▶ **WORKING DATA**
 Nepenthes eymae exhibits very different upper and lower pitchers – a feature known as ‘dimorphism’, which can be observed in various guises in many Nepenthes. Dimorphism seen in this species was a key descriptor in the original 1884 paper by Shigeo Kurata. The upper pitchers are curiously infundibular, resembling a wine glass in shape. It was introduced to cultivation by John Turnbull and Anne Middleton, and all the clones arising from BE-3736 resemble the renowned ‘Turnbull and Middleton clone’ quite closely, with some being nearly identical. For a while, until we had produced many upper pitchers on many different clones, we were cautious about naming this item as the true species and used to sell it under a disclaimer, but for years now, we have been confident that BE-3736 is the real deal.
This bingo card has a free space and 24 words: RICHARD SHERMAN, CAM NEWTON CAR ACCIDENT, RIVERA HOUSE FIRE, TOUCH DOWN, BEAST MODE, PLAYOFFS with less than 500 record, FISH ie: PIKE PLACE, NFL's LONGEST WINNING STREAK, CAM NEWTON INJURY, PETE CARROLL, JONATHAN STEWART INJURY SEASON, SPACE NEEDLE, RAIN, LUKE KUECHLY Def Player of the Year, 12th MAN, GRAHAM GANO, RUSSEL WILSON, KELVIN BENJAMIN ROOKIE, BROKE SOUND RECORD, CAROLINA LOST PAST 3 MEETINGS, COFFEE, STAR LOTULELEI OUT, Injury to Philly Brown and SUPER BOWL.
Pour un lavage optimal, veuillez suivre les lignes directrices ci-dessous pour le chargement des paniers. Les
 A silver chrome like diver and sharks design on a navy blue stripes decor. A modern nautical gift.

==

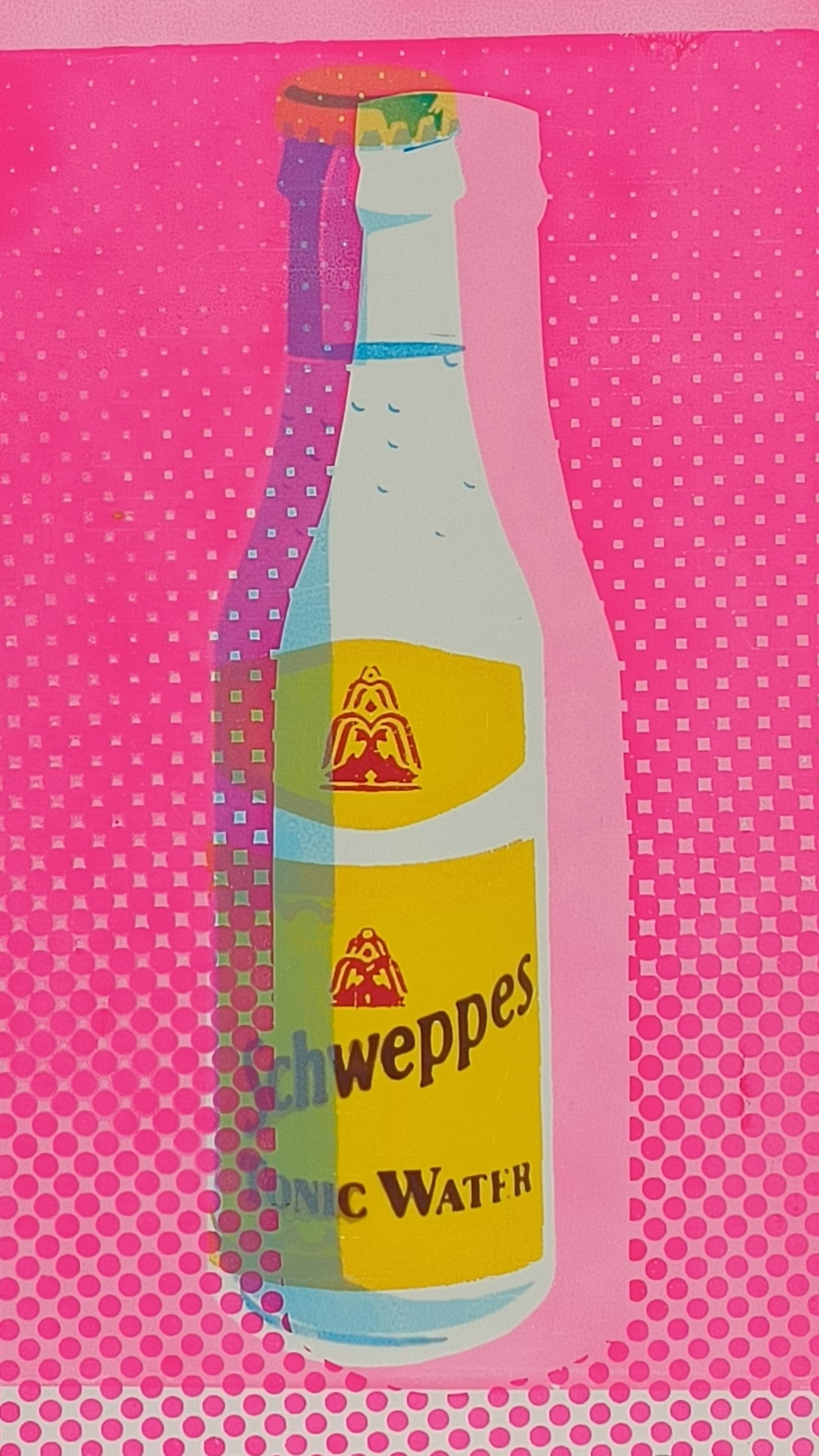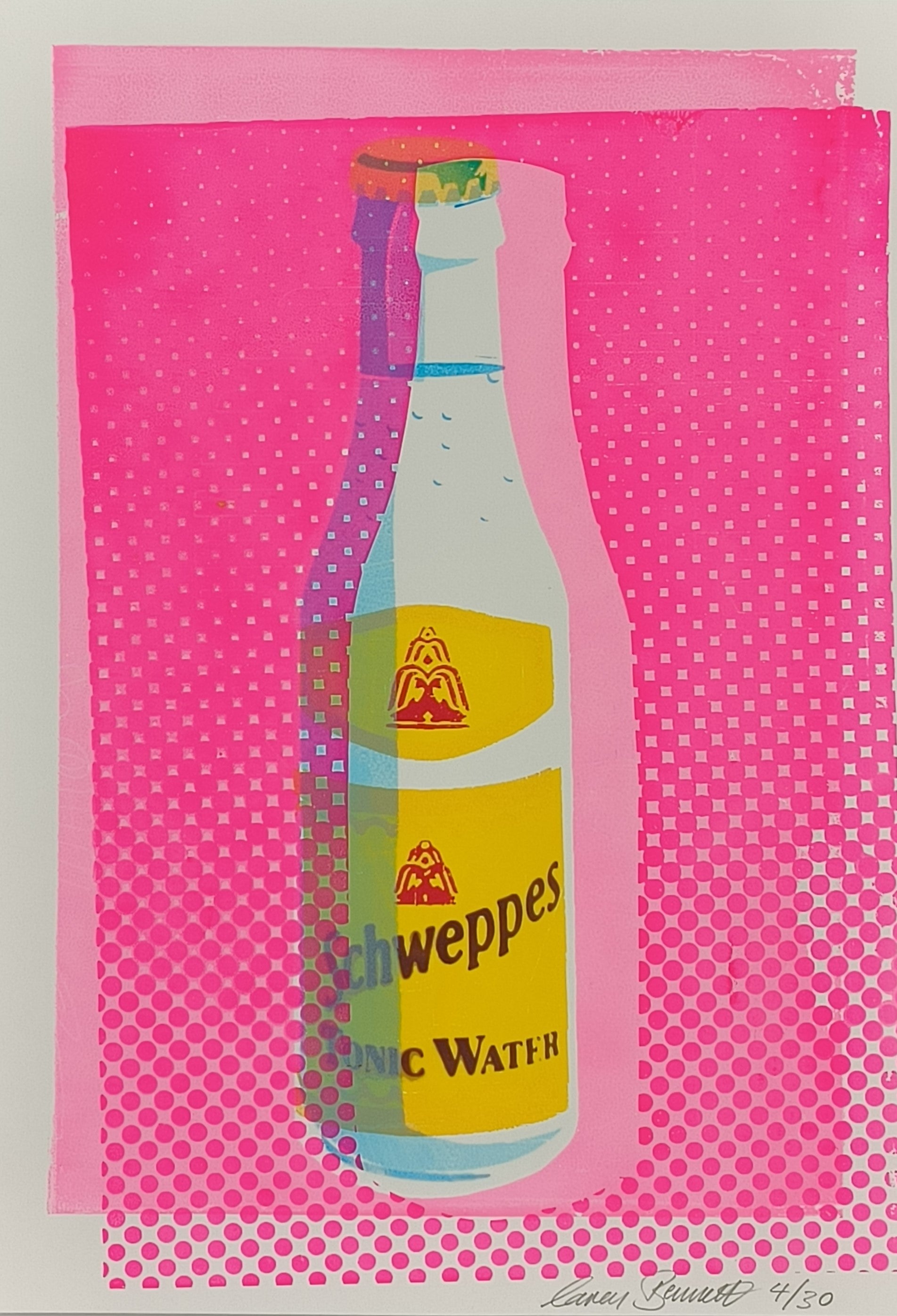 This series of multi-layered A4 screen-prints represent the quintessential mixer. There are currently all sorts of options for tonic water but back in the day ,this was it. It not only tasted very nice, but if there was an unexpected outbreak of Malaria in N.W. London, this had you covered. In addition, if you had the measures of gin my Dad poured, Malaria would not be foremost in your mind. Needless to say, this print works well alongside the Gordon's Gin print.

--

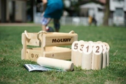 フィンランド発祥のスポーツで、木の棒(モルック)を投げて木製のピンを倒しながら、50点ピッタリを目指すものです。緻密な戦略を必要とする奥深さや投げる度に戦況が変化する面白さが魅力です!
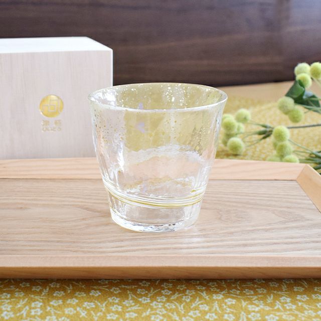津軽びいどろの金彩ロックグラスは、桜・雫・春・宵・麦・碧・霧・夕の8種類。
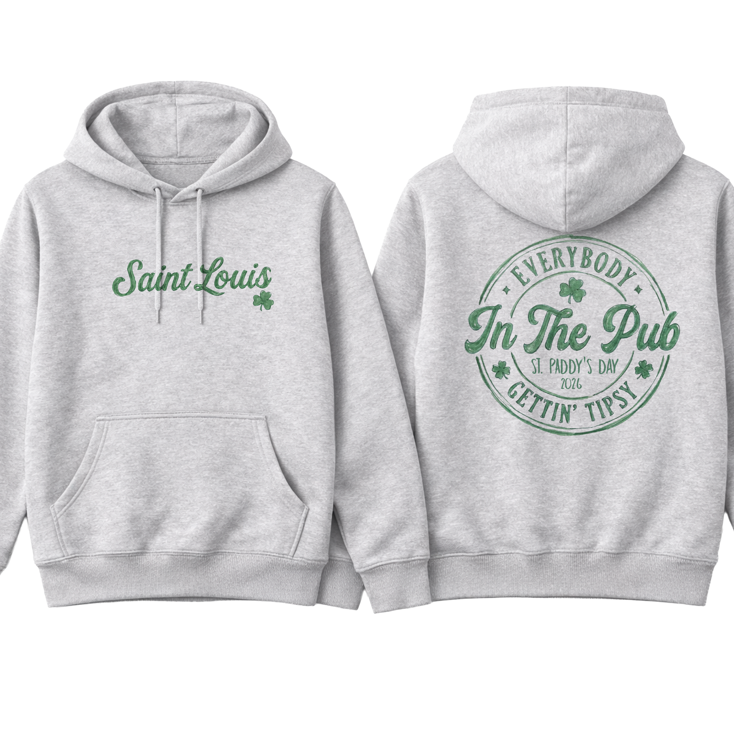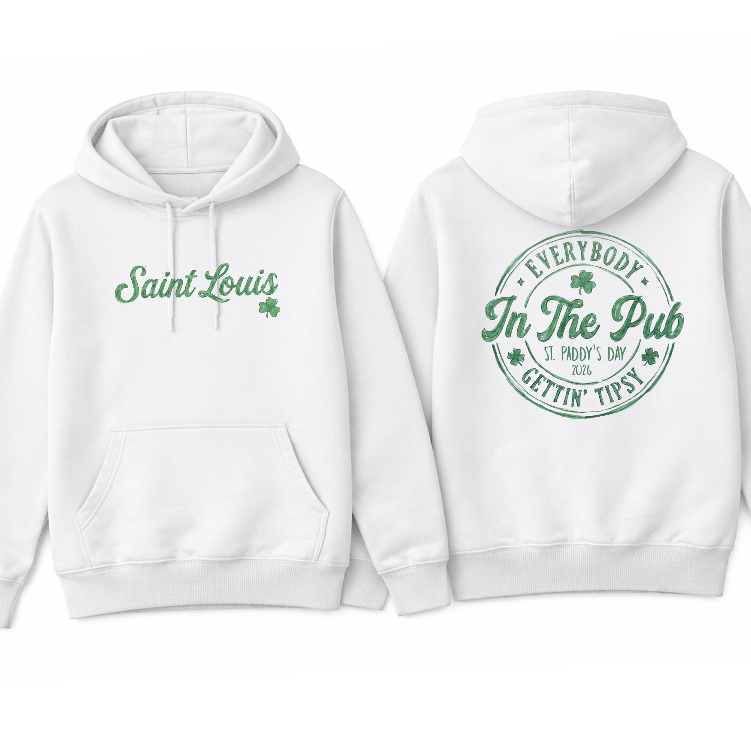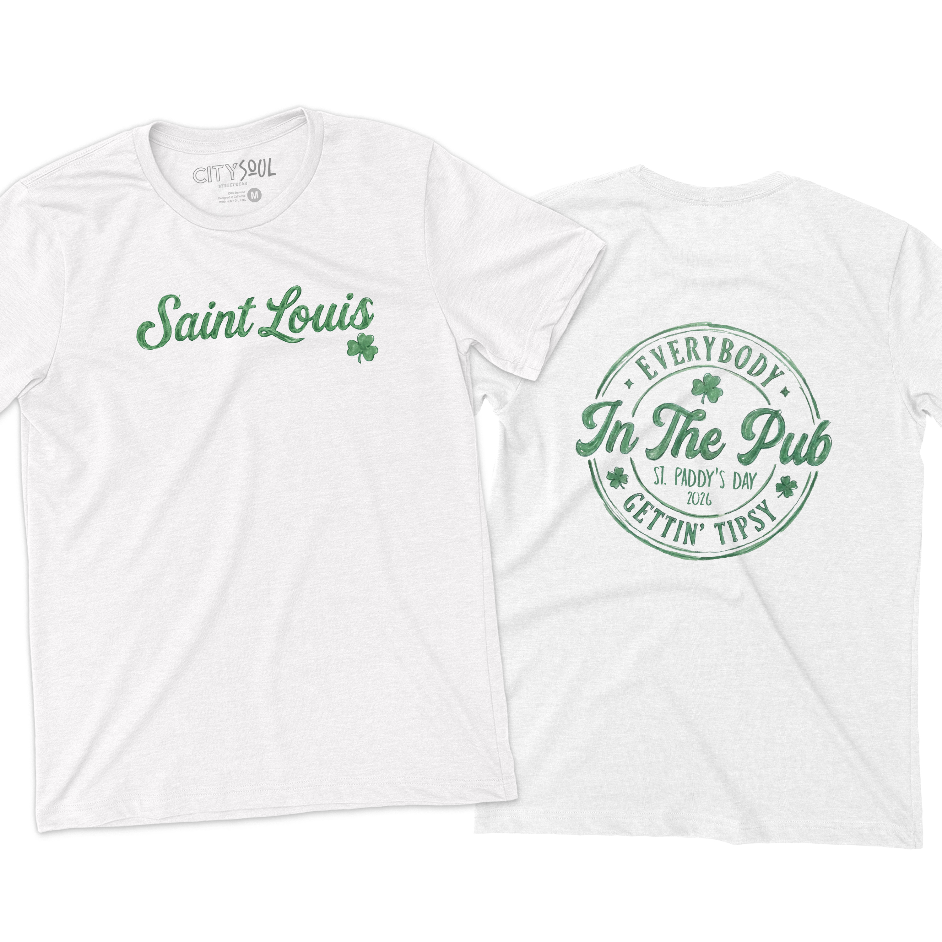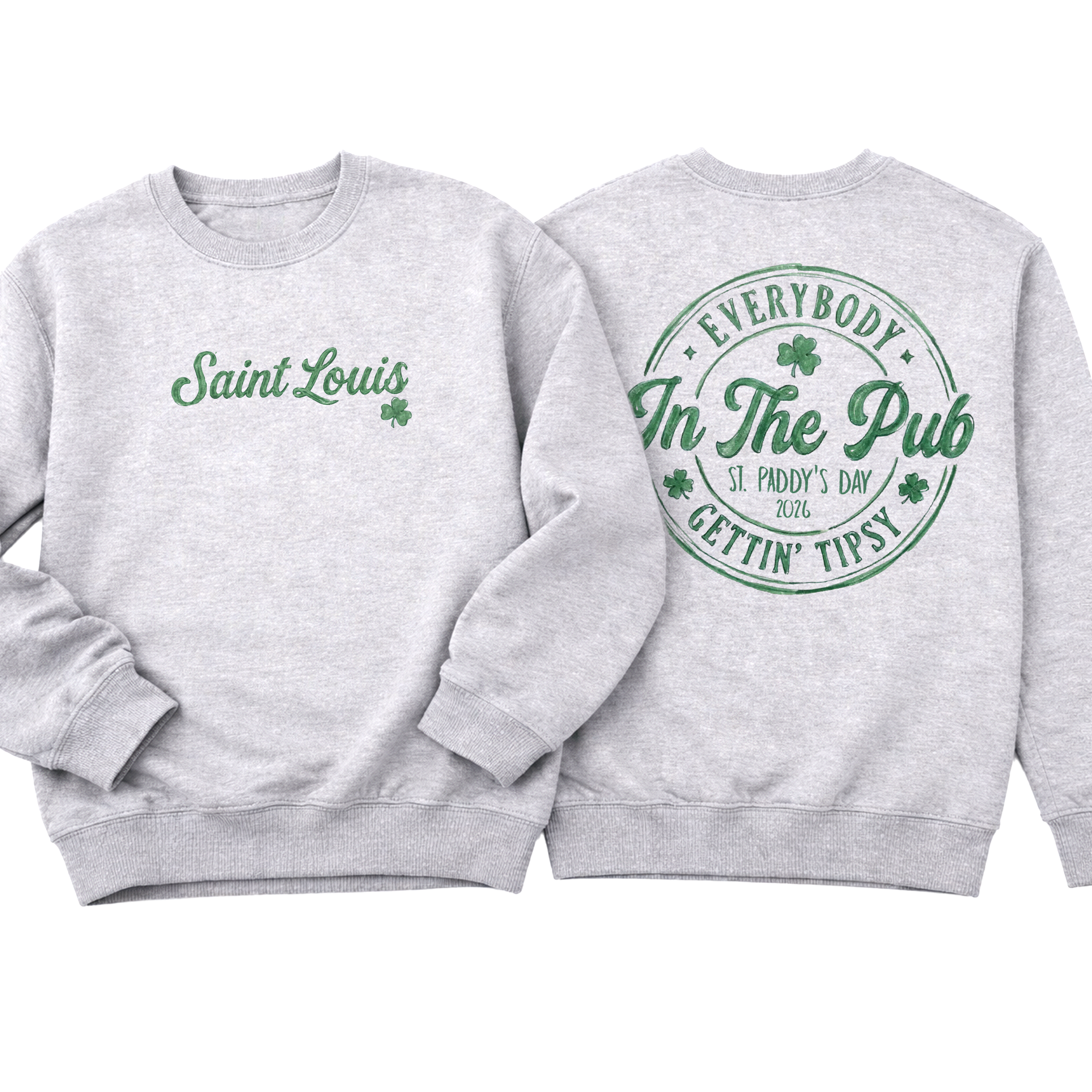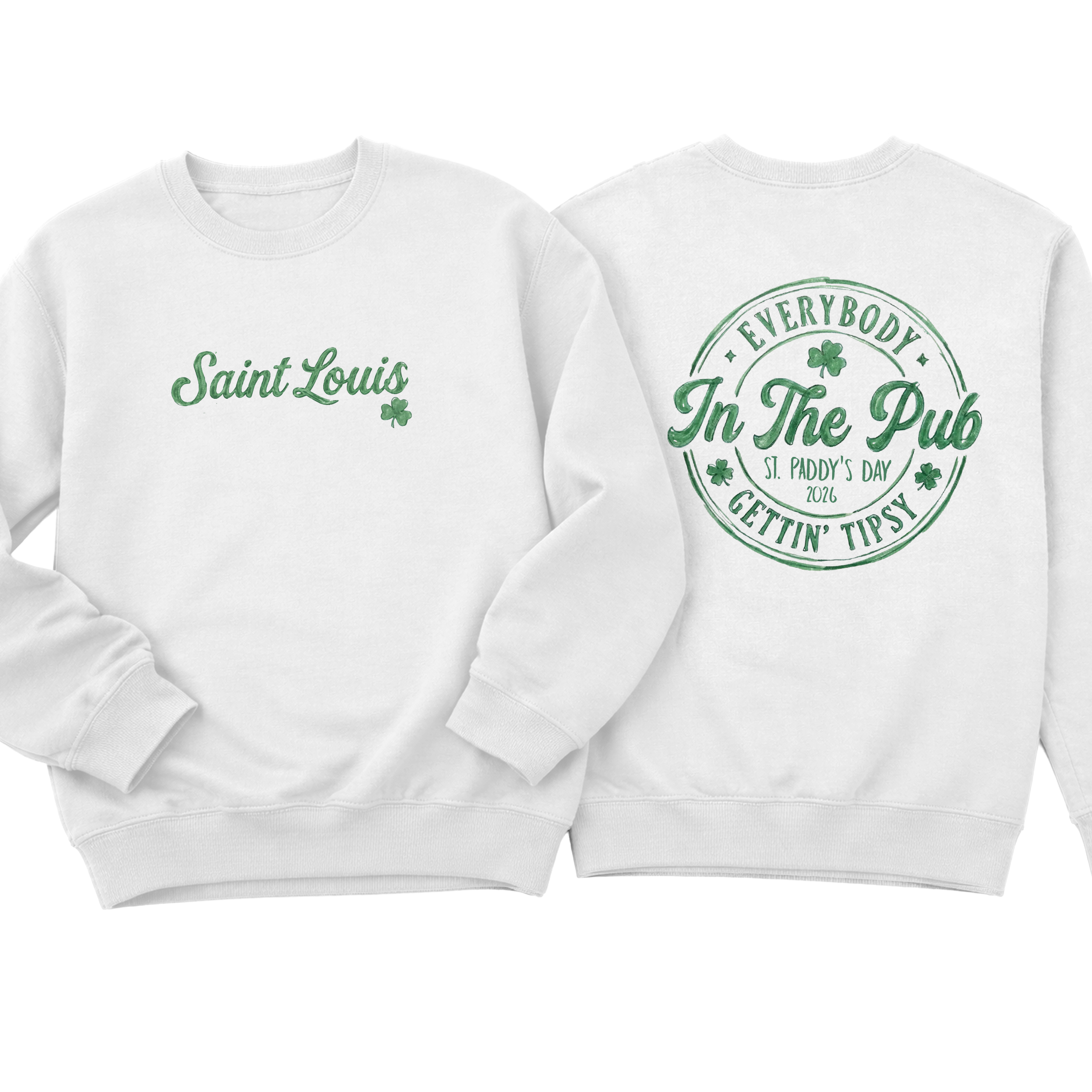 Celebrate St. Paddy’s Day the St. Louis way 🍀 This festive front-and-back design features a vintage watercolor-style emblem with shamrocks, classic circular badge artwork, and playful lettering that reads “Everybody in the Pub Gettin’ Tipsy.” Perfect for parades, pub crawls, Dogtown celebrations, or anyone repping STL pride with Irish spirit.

▶ **DIRECTIONS**
Please return only the lines above, starting at the line that has "Pour un lavage" and ending at the line that has "A silver chrome", keeping both and leaving each one unchanged.

▶ **SOLUTION FOR THIS EXERCISE**
Pour un lavage optimal, veuillez suivre les lignes directrices ci-dessous pour le chargement des paniers. Les
 A silver chrome like diver and sharks design on a navy blue stripes decor. A modern nautical gift.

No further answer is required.